Task description → Entries below include pictures. Output exactly the lines from the one with "Features: A charming" down to the one with "Renifer, Czapki, Psy, Dwa, Mikołaj", both ends included, and leave the pictures out.

Recorded data →

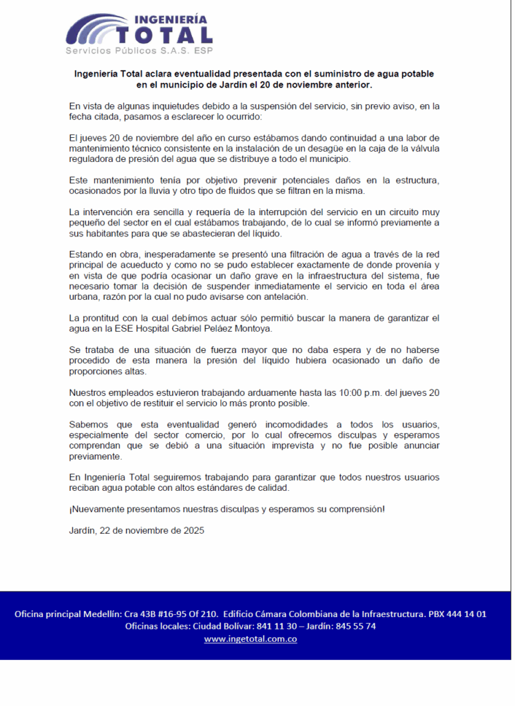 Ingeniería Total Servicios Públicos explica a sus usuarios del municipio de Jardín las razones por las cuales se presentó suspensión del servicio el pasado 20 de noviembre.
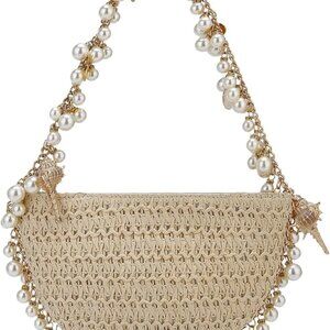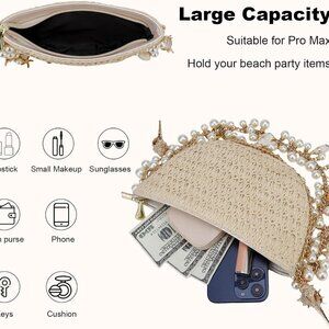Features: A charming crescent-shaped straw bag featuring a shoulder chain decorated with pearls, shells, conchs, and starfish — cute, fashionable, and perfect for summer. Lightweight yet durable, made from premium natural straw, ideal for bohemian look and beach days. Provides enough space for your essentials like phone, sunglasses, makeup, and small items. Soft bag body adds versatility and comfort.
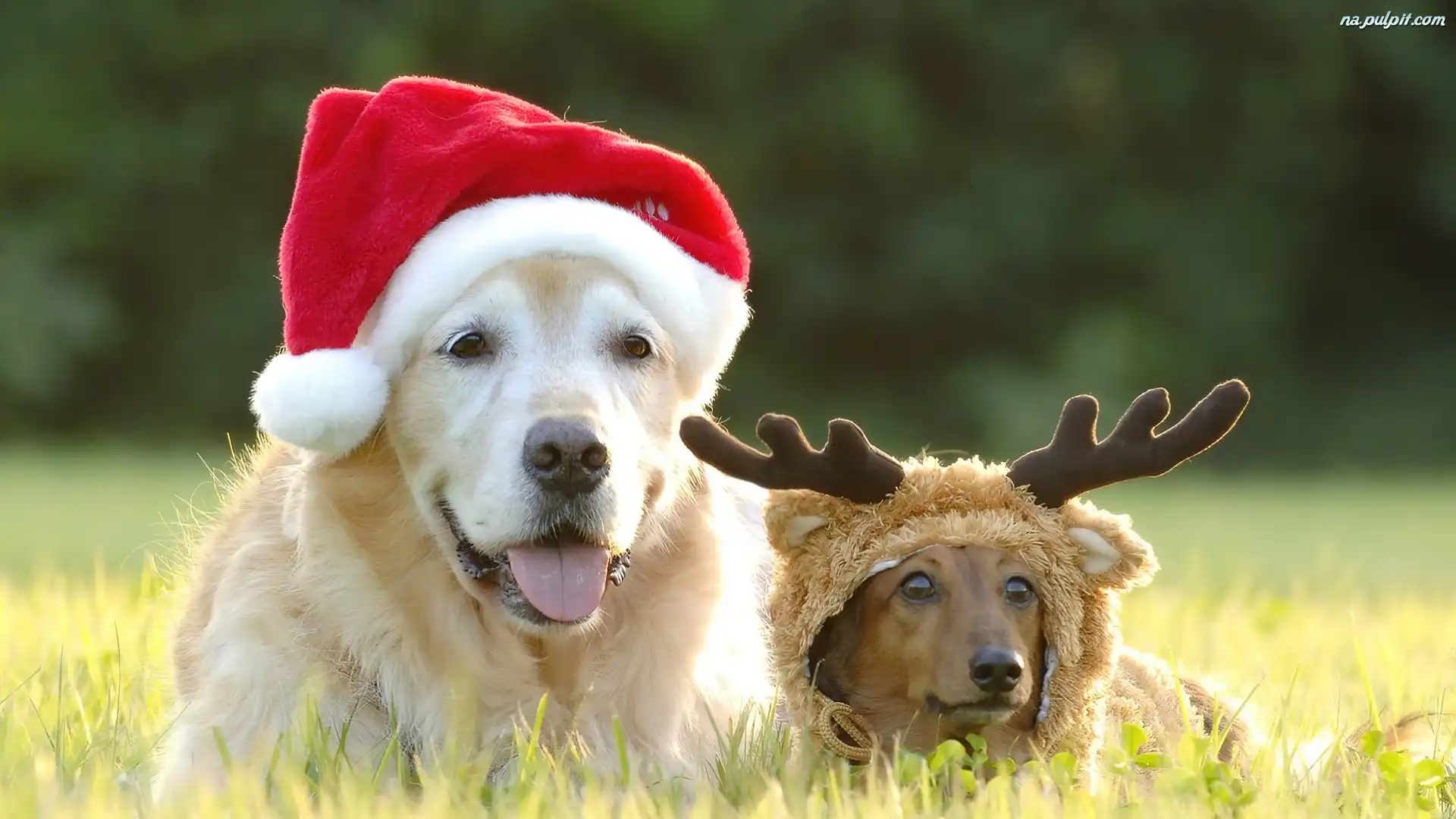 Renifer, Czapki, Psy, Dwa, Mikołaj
--
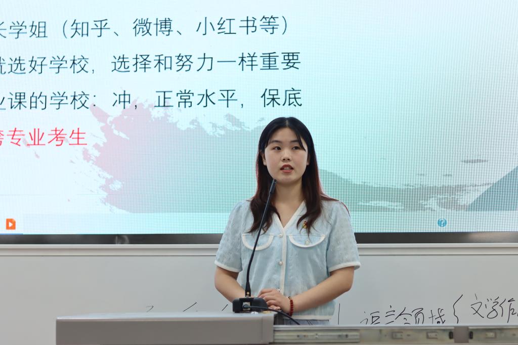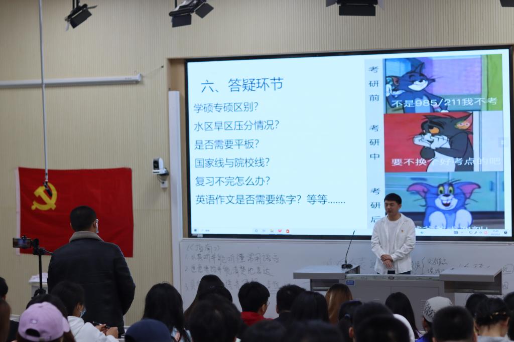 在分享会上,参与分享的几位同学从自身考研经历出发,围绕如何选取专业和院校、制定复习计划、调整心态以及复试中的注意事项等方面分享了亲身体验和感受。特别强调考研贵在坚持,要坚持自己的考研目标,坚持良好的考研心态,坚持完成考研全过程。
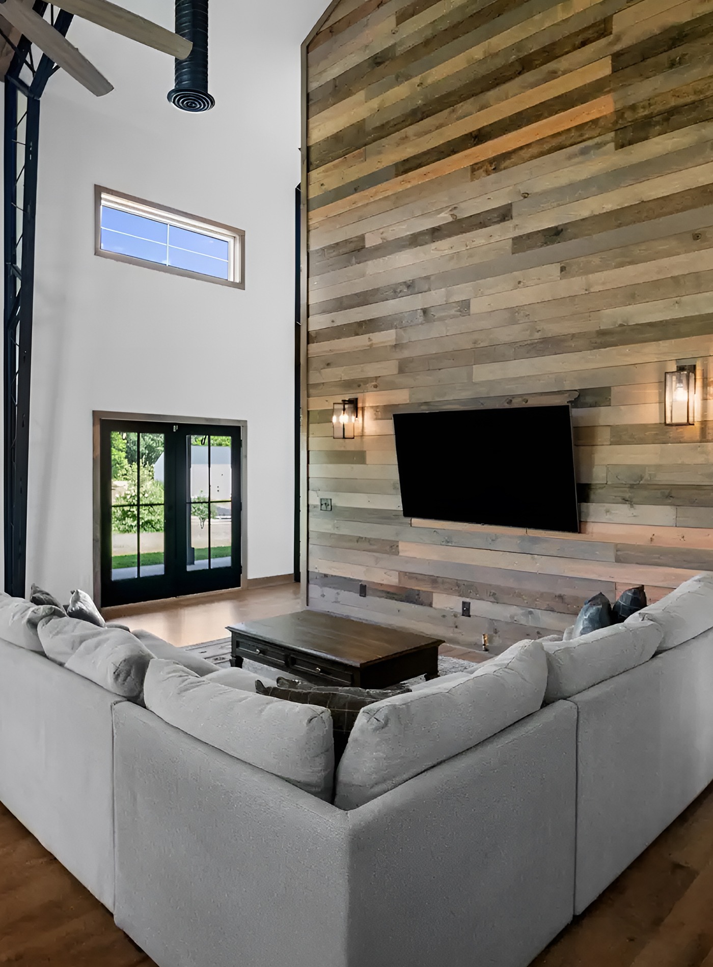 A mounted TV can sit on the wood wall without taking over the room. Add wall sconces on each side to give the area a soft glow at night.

Reply →
Features: A charming crescent-shaped straw bag featuring a shoulder chain decorated with pearls, shells, conchs, and starfish — cute, fashionable, and perfect for summer. Lightweight yet durable, made from premium natural straw, ideal for bohemian look and beach days. Provides enough space for your essentials like phone, sunglasses, makeup, and small items. Soft bag body adds versatility and comfort.
 Renifer, Czapki, Psy, Dwa, Mikołaj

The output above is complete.